> _Work instructions_:
Once "- Код товара: Репс" turns up in a line below, reproduce that line and those after it exactly, stopping after the line with "Lehrer:was ist das"; leave pictures out.

> _Given information_:
Segment Open
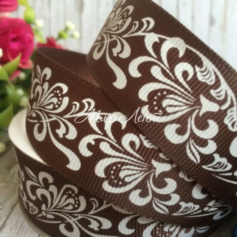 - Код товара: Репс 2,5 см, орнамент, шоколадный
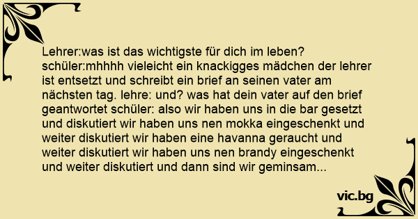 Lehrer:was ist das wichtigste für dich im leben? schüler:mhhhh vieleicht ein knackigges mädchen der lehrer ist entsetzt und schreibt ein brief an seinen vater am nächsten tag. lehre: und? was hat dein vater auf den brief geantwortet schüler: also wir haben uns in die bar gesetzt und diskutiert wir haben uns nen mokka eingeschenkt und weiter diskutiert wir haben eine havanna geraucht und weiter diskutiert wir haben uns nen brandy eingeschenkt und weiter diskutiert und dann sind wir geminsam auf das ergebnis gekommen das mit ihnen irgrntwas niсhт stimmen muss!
Segment Closed
Segment Open
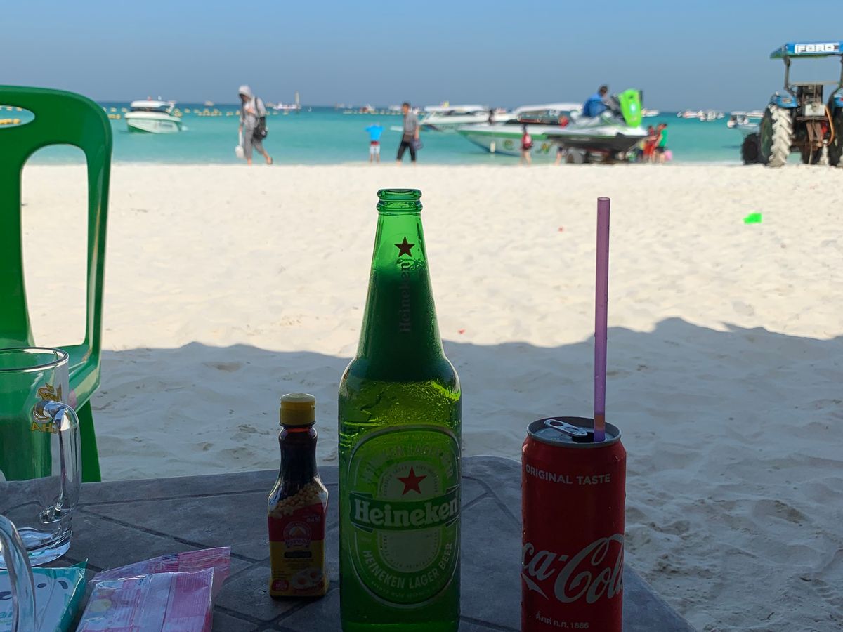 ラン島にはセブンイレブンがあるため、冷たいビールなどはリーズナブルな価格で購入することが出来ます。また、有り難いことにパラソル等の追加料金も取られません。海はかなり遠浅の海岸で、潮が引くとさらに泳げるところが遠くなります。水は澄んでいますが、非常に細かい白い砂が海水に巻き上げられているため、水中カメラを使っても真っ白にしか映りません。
Segment Closed
Segment Open
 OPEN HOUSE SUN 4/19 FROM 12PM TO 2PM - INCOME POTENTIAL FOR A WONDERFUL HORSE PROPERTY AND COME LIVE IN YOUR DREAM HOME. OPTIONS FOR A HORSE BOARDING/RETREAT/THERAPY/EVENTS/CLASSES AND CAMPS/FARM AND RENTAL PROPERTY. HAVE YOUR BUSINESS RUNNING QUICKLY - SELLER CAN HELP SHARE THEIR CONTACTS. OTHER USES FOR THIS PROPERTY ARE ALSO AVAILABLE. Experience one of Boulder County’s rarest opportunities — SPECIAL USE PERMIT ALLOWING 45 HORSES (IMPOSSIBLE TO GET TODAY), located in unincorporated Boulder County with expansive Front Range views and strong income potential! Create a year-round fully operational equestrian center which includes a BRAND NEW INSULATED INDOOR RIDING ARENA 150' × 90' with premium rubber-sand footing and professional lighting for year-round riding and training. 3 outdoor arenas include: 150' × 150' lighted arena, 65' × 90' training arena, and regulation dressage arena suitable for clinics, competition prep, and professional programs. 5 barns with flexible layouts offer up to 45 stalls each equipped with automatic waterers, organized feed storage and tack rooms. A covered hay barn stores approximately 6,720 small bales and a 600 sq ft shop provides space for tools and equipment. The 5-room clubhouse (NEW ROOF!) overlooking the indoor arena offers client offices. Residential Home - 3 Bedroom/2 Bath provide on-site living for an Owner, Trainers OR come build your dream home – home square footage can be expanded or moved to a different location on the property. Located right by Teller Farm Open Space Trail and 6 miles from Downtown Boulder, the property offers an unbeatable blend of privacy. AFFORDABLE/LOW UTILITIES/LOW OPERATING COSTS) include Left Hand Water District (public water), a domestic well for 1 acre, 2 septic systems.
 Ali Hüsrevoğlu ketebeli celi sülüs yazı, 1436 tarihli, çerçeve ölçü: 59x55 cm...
Segment Closed
> _Task result_:
 - Код товара: Репс 2,5 см, орнамент, шоколадный
 Lehrer:was ist das wichtigste für dich im leben? schüler:mhhhh vieleicht ein knackigges mädchen der lehrer ist entsetzt und schreibt ein brief an seinen vater am nächsten tag. lehre: und? was hat dein vater auf den brief geantwortet schüler: also wir haben uns in die bar gesetzt und diskutiert wir haben uns nen mokka eingeschenkt und weiter diskutiert wir haben eine havanna geraucht und weiter diskutiert wir haben uns nen brandy eingeschenkt und weiter diskutiert und dann sind wir geminsam auf das ergebnis gekommen das mit ihnen irgrntwas niсhт stimmen muss!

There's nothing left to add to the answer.